17 Answers to Your Corporate Transparency Act Questions
The Corporate Transparency Act’s Beneficial Ownership Information (BOI) Reporting Requirements
Updated: March 26, 2024
Update: The Corporate Transparency Act’s (CTA) Constitutionality Challenge
While there have been many headlines talking about how the CTA was found to be unconstitutional, it’s important to understand the context surrounding this decision and its impact on Florida business owners.
In NSBA vs. Yellen, the CTA was challenged by the National Small Business Association (NSBA), an advocacy group based out of Ohio, and Alabama real estate agent Isaac Winkles. The court sided with the Winkles and the NSBA, determining that the law is unconstitutional due to congressional overreach. This resulted in a pause on filing requirements for the Plaintiffs in this case only.
FinCEN will otherwise continue their enforcement efforts against individuals and entities that fail to comply with the CTA. In other words, Florida business owners won’t be able to take advantage of this ruling unless they were already members of the NSBA before the court issued its decision on March 1, 2024.
The United States Department of Justice (DoJ) has already filed their appeal disputing the judge’s decision. Keep in mind that there will likely be some back-and-forth between the judiciary and the legislature as the law continues to be finalized. Be sure to check back here for more updates.
The Corporate Transparency Act
Florida business owners only have a handful of months left to get ready for the Corporate Transparency Act. This law creates new reporting requirements that most businesses will need to adhere to starting on January 1st, 2024. The penalties for noncompliance are significant and should be avoided at all costs, so it’s important to familiarize yourself with what we know so far.
For more help, check out our DIY BOI Filing Guide available through our Knowledge Base.

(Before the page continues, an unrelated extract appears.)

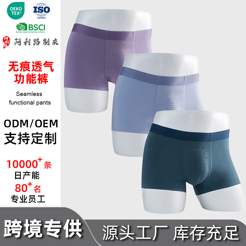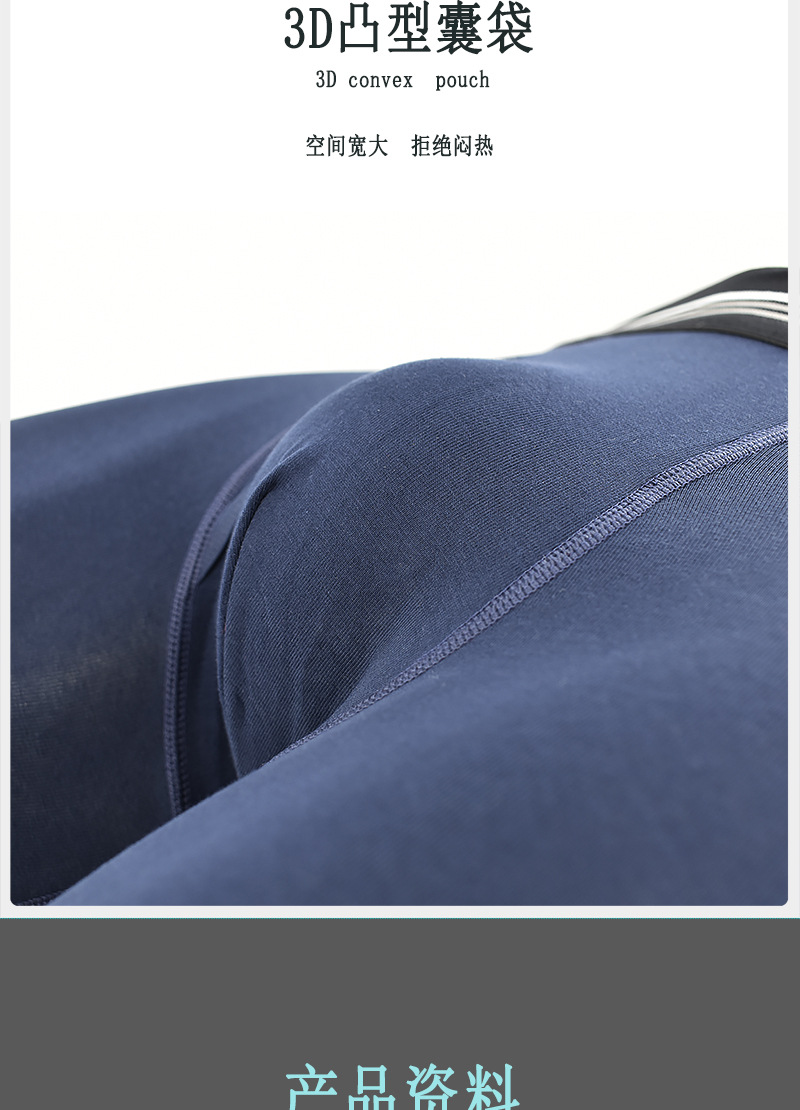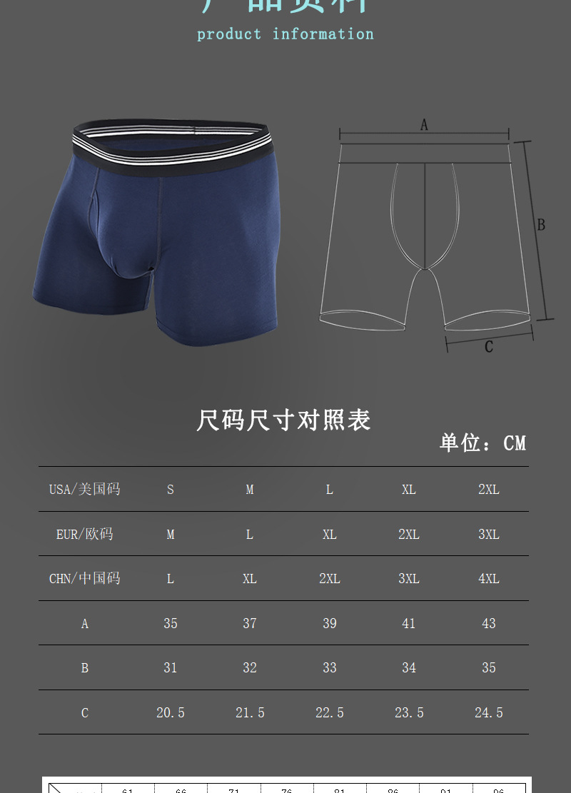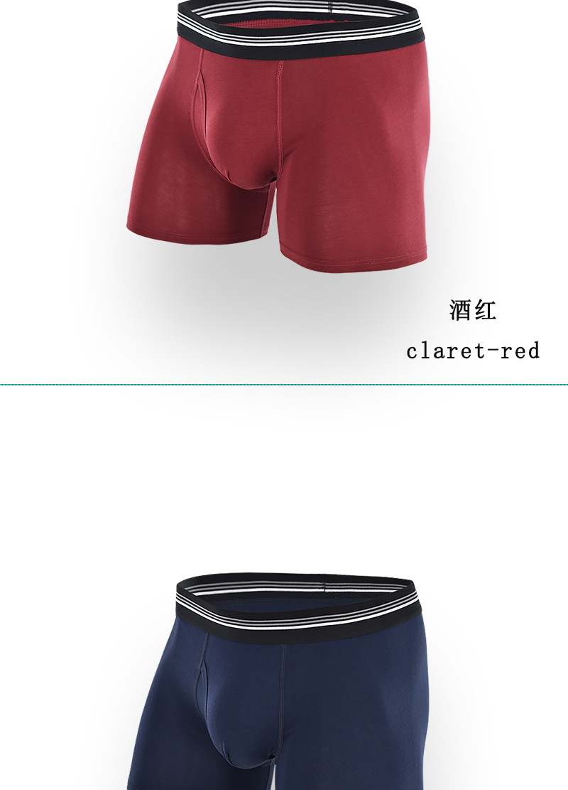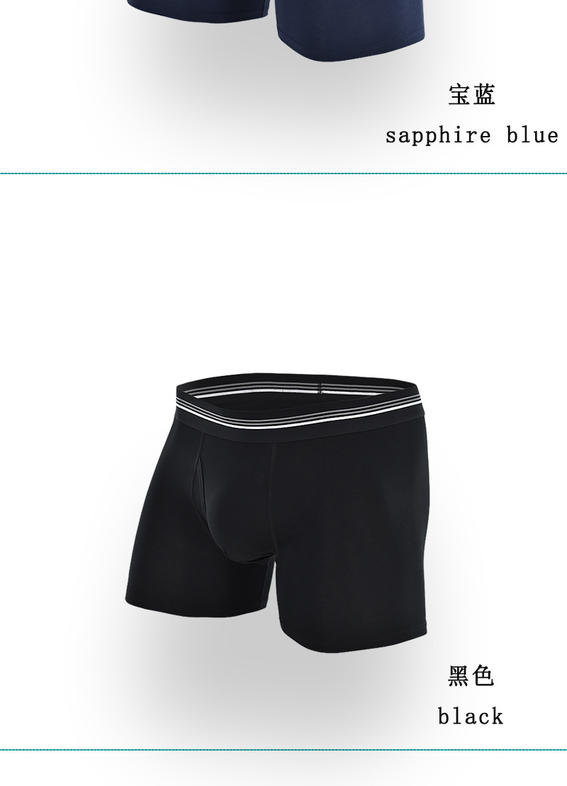 条纹腰带中长款跨境男士平角裤 侧开口透气防磨腿棉质塑身男内裤

1. What Is the Corporate Transparency Act?
Passed in 2021, the Corporate Transparency Act establishes new reporting requirements for Beneficial Ownership Information, or BOI. Once the law takes effect, qualifying companies (known as “reporting companies”) will need to file that information with the US Treasury Department’s Financial Crimes Enforcement Network (FinCEN). Although its aims are largely altruistic, the responsibilities that it creates for business owners are sure to lead to stress and headaches, especially for those who wait until the last minute to file their reports.
2. Why Was the Corporate Transparency Act Passed?
Included as a part of 2021’s National Defense Authorization Act, the driving purpose of The Corporate Transparency Act is to combat corruption and financial crimes both domestically and internationally. Its primary targets are shell companies and other entities with little or no actual operations that could be used to cover up or fund illicit activities ranging from money laundering to terrorism.
3. When Will My Company Need to File Its Initial Report?
The due date of your company’s Beneficial Ownership Information report depends on when your business was formed. Reporting companies registered before January 1st, 2024 will need to submit their initial reports no later than January 1, 2025. Those formed after January 1, 2025, on the other hand, only have 30 calendar days after their creation to file.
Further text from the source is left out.